The things that seemed most helpful about SmartMusic were the assessment tools. The
software helps create playing assessments and documentation that shows the results. This would
be good for providing evidence to administration or parents and students about a students
progress. It is also pretty customizable, so you as the teacher can put in what controls you do and
dont want your students to use on the playing test (like if they are allowed to play with the
metronome ticker, or with a track of the band). Additionally, there is a gradebook in SmartMusic
that can streamline the grading process so teachers dont have to manually insert the playing test
grade. It is also helpful because it gives students immediate feedback.
There is a caveat to SmartMusic, however, and that it can only listen so well. Teachers
still should listen to the tracks students submit because sometimes the computer makes mistakes.
One teacher in the seminar said that when she has her singers sight read dotted half notes using
the ta and ti-ti method, the computer counts them wrong for saying ta-a-a for the dotted half
note.

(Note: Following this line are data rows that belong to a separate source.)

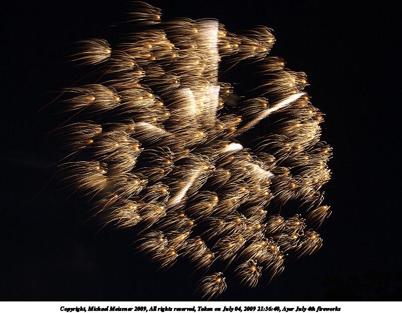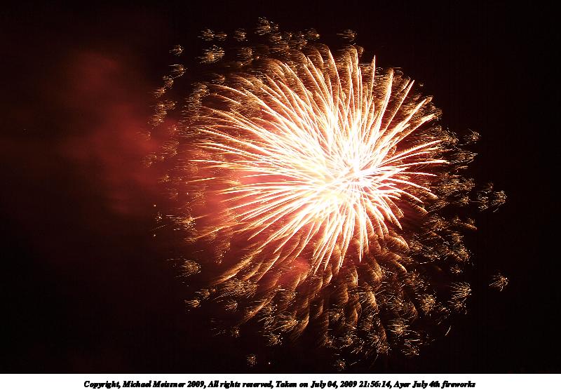 Picture #63: Ayer July 4th fireworks #7 800x823, 140,709 bytes (138K), (html file) Copyright, Michael Meissner 2009, All rights reserved Olympus E-3 camera with Olympus 14-54mm f/2.8-3.5 lens f/5.0, ISO 100, 3.4 sec, 14.0mm, bulb mode, natural color, matrix metering, noise filter low 35mm equivalent focal length 28.0mm Extra equipment used: tripod, radio shutter release Programs used: gimp Taken by Michael Meissner on July 04, 2009 21:44:31 Last modified on July 06, 2009 at 00:29 |
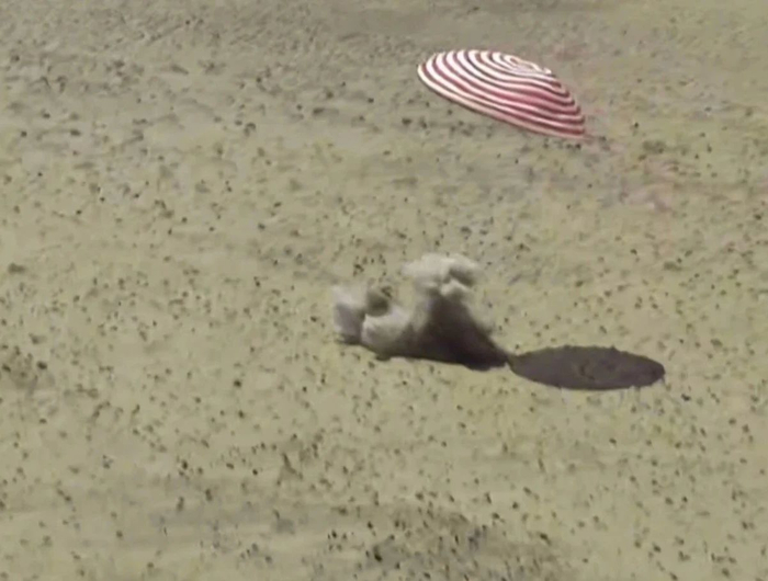 神舟十九号返回舱着陆瞬间(央视新闻)
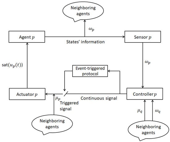 where denotes the controller gain, and represent the communication strengths within the MAS as defined in (1), and refers to the rth trigger time for agent p. The DATEM is expressed as follows:
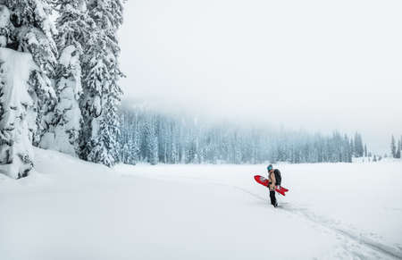 Man stands with a red snowboard in his hand next to a heavily snowy forest in foggy weather

This is the correct way to sing it, but SmartMusic counts each stress in the syllable as a new
attack, a new note. A band teacher had the opposite problem where his trumpet player had
realized that it only picks up attacks, so he would only hit the start of every note and SmartMusic
would give him a perfect score. So, while it is a helpful tool, it still cant replace the live, human,
well-educated music teacher.
One of the teachers in the audience said that he uses SmartMusic in the college methods
courses he teaches. That is a great idea for college professors to model uses for technology that
pre-service teachers can take with them into their future jobs. When I have my own gig, I could
see myself using SmartMusic to do mid-year or pre-concert playing tests. It would be a really
helpful tool for streamlining the playing test process in a large ensemble, since it gives the
students some flexibility about when and how they get to submit their test.